• **EXTRACTED MATERIAL**
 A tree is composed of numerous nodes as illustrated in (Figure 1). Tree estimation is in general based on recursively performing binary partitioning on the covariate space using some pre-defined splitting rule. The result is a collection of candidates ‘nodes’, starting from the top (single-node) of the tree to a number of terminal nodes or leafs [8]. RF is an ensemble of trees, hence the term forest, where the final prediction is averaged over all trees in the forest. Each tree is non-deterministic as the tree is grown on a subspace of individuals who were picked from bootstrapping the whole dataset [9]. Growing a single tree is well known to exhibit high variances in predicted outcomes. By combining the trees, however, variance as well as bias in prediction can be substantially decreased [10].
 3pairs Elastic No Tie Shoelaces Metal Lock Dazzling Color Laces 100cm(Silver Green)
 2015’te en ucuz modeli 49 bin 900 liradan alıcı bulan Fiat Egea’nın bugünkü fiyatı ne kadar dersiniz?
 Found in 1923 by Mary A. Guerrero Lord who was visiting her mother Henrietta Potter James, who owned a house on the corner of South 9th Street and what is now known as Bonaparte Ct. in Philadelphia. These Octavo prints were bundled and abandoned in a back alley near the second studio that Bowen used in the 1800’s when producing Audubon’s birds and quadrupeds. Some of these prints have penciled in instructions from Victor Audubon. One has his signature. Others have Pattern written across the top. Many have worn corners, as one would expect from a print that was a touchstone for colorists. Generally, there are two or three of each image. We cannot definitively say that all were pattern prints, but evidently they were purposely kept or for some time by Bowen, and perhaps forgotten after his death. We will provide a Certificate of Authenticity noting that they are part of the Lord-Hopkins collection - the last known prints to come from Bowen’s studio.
* * *
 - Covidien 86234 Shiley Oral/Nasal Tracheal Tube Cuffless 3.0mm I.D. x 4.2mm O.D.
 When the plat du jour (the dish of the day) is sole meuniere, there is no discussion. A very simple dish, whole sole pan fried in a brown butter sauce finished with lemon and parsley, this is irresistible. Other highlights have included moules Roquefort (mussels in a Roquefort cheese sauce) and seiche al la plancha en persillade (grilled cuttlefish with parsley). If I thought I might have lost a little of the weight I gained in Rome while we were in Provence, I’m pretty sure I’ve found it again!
...
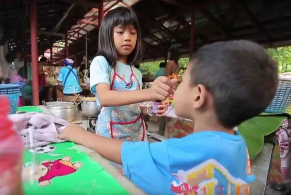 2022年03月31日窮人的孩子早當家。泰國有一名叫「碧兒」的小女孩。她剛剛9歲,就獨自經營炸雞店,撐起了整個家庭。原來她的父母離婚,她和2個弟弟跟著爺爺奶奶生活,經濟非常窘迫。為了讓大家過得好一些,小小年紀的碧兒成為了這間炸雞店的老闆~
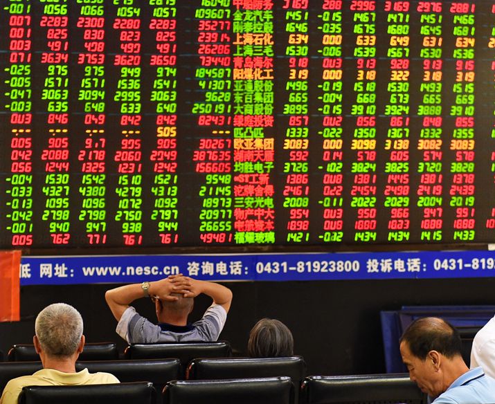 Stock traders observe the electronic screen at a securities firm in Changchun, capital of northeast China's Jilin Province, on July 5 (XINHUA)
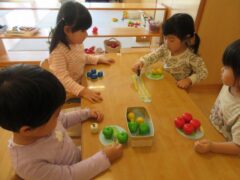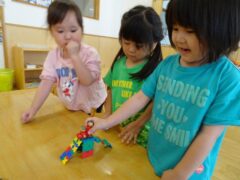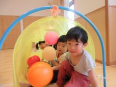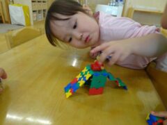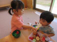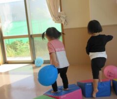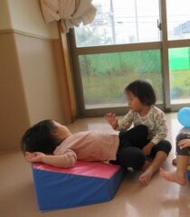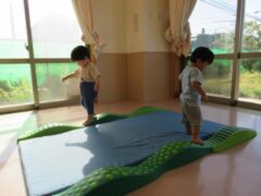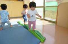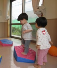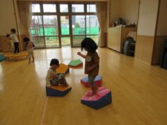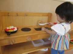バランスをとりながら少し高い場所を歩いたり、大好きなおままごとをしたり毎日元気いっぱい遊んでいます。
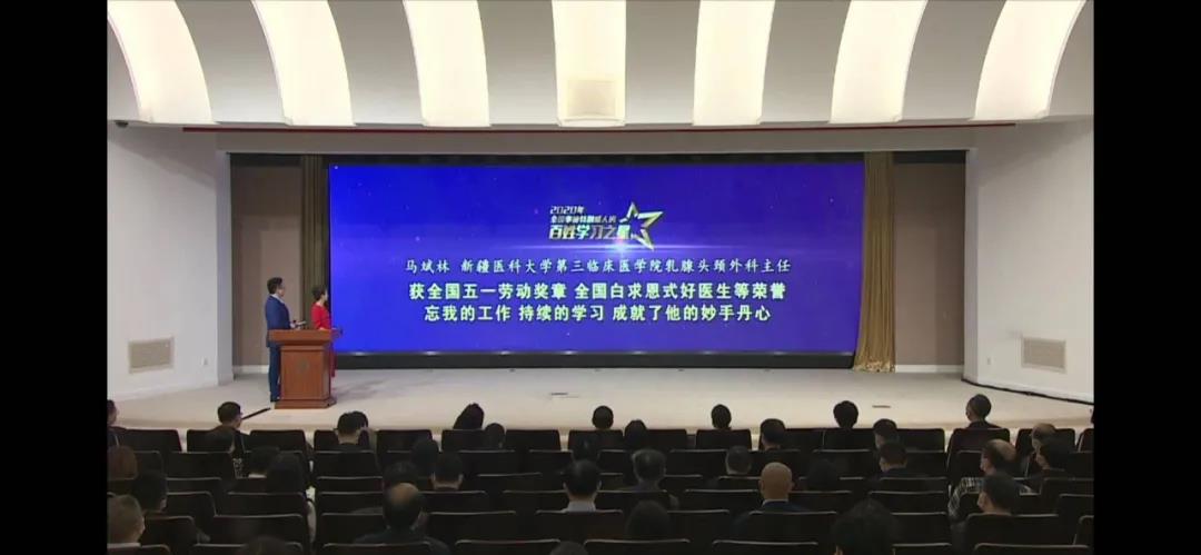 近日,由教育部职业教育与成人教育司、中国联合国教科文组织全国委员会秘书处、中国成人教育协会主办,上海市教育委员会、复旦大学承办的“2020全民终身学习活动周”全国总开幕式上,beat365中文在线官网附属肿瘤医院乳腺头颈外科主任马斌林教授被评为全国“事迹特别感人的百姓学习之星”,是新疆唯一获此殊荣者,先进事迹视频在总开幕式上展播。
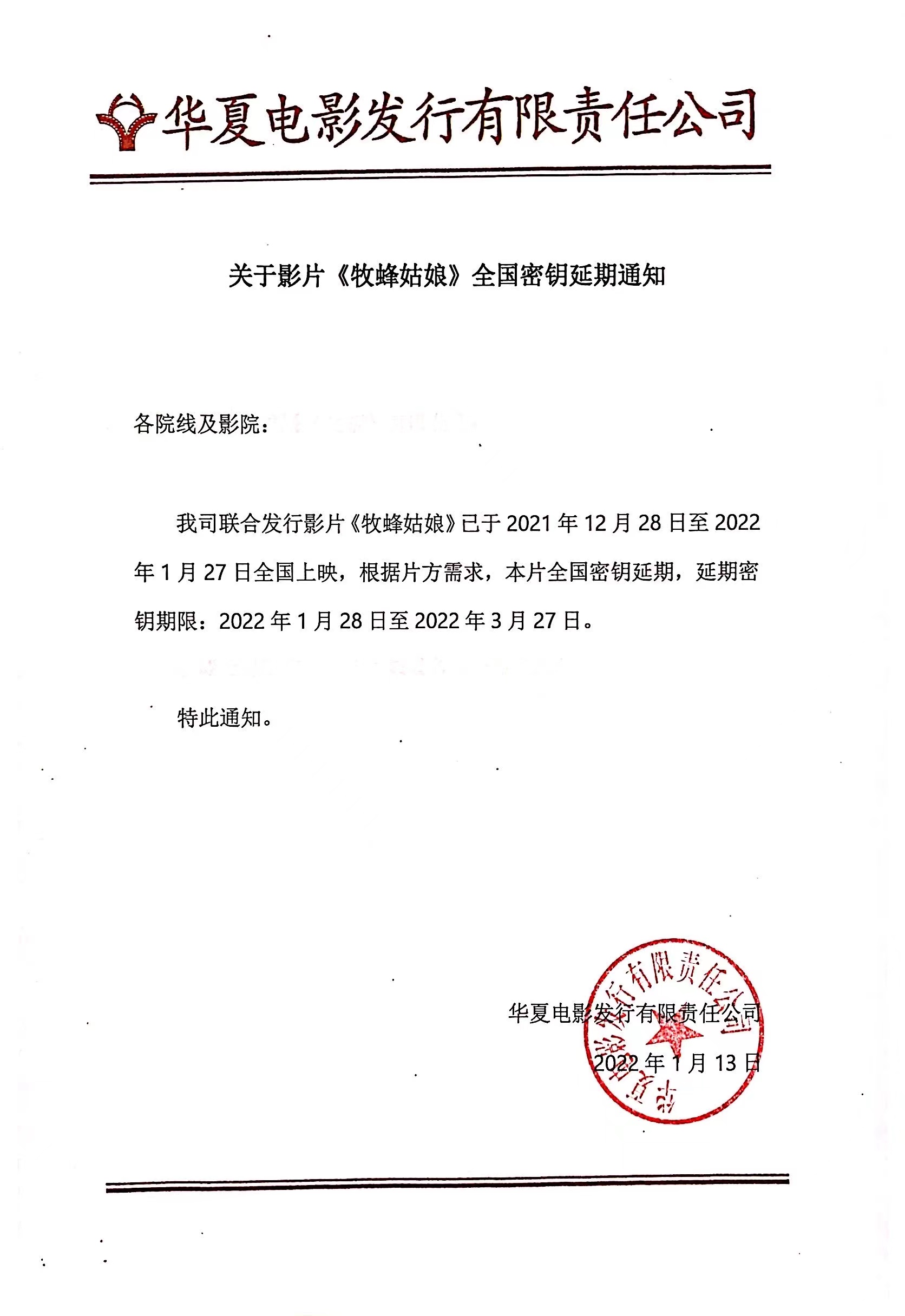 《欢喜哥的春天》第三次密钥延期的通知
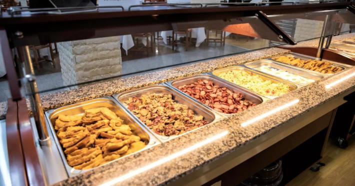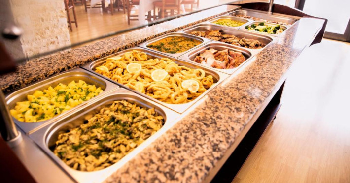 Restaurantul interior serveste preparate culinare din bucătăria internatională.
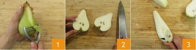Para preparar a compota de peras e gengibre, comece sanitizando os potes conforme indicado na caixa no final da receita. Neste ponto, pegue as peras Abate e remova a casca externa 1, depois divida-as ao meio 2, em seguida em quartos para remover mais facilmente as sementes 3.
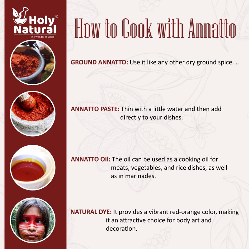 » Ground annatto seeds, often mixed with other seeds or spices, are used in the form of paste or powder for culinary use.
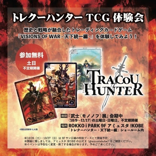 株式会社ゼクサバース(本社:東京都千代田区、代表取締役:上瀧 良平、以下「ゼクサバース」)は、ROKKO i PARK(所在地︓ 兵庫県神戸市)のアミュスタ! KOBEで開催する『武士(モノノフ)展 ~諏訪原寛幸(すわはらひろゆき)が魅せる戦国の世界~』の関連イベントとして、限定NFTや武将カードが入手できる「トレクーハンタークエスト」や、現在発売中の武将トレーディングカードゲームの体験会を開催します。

• **PROBLEM**
Copy exactly, without pictures, the lines above from the one with "近日,由教育部职业教育与成人" down to the one with "株式会社ゼクサバース(本社:東京都千代田区、代表取締役:上瀧 良平、以下「ゼクサバース」)は、ROKKO i", inclusive.

• **SOLUTION TO THIS EXERCISE**
 近日,由教育部职业教育与成人教育司、中国联合国教科文组织全国委员会秘书处、中国成人教育协会主办,上海市教育委员会、复旦大学承办的“2020全民终身学习活动周”全国总开幕式上,beat365中文在线官网附属肿瘤医院乳腺头颈外科主任马斌林教授被评为全国“事迹特别感人的百姓学习之星”,是新疆唯一获此殊荣者,先进事迹视频在总开幕式上展播。
 《欢喜哥的春天》第三次密钥延期的通知
 Restaurantul interior serveste preparate culinare din bucătăria internatională.
Para preparar a compota de peras e gengibre, comece sanitizando os potes conforme indicado na caixa no final da receita. Neste ponto, pegue as peras Abate e remova a casca externa 1, depois divida-as ao meio 2, em seguida em quartos para remover mais facilmente as sementes 3.
 » Ground annatto seeds, often mixed with other seeds or spices, are used in the form of paste or powder for culinary use.
 株式会社ゼクサバース(本社:東京都千代田区、代表取締役:上瀧 良平、以下「ゼクサバース」)は、ROKKO i PARK(所在地︓ 兵庫県神戸市)のアミュスタ! KOBEで開催する『武士(モノノフ)展 ~諏訪原寛幸(すわはらひろゆき)が魅せる戦国の世界~』の関連イベントとして、限定NFTや武将カードが入手できる「トレクーハンタークエスト」や、現在発売中の武将トレーディングカードゲームの体験会を開催します。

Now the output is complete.